BEGIN

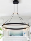 Modern LED Chandelier w/Remote, Dimmable Ring Pendant Light Walnut Wood Black
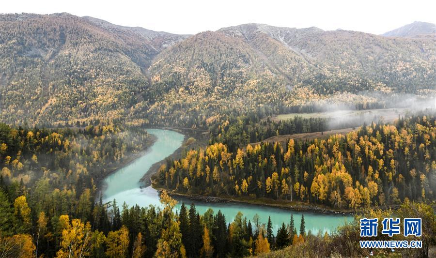 9月24日拍攝的喀納斯景區(qū)風光。新華社記者王菲攝
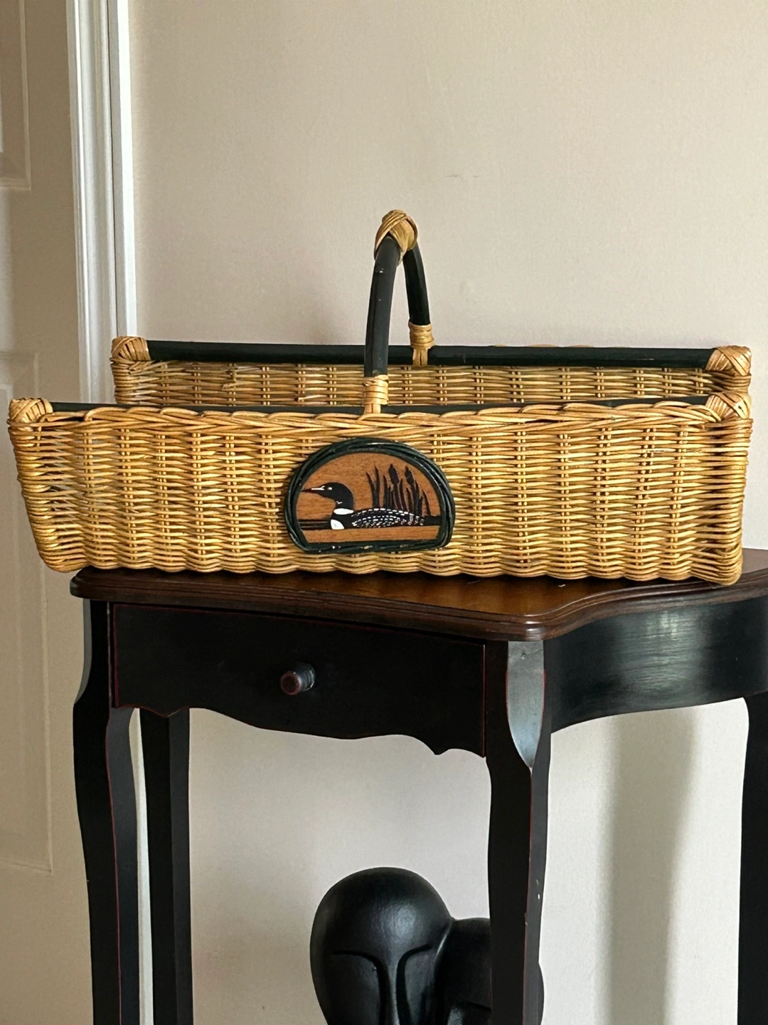 This wicker basket has a handle and the body of the basket is rectangular shaped. Features painted accents and a decorative panel with a bird. Place this basket in your living room for a calming experience.

END

◆ **Required work**: Every line above should be retyped exactly; the pictures do not belong in the copy.

◆ **Output for this task**:
 Modern LED Chandelier w/Remote, Dimmable Ring Pendant Light Walnut Wood Black
 9月24日拍攝的喀納斯景區(qū)風光。新華社記者王菲攝
 This wicker basket has a handle and the body of the basket is rectangular shaped. Features painted accents and a decorative panel with a bird. Place this basket in your living room for a calming experience.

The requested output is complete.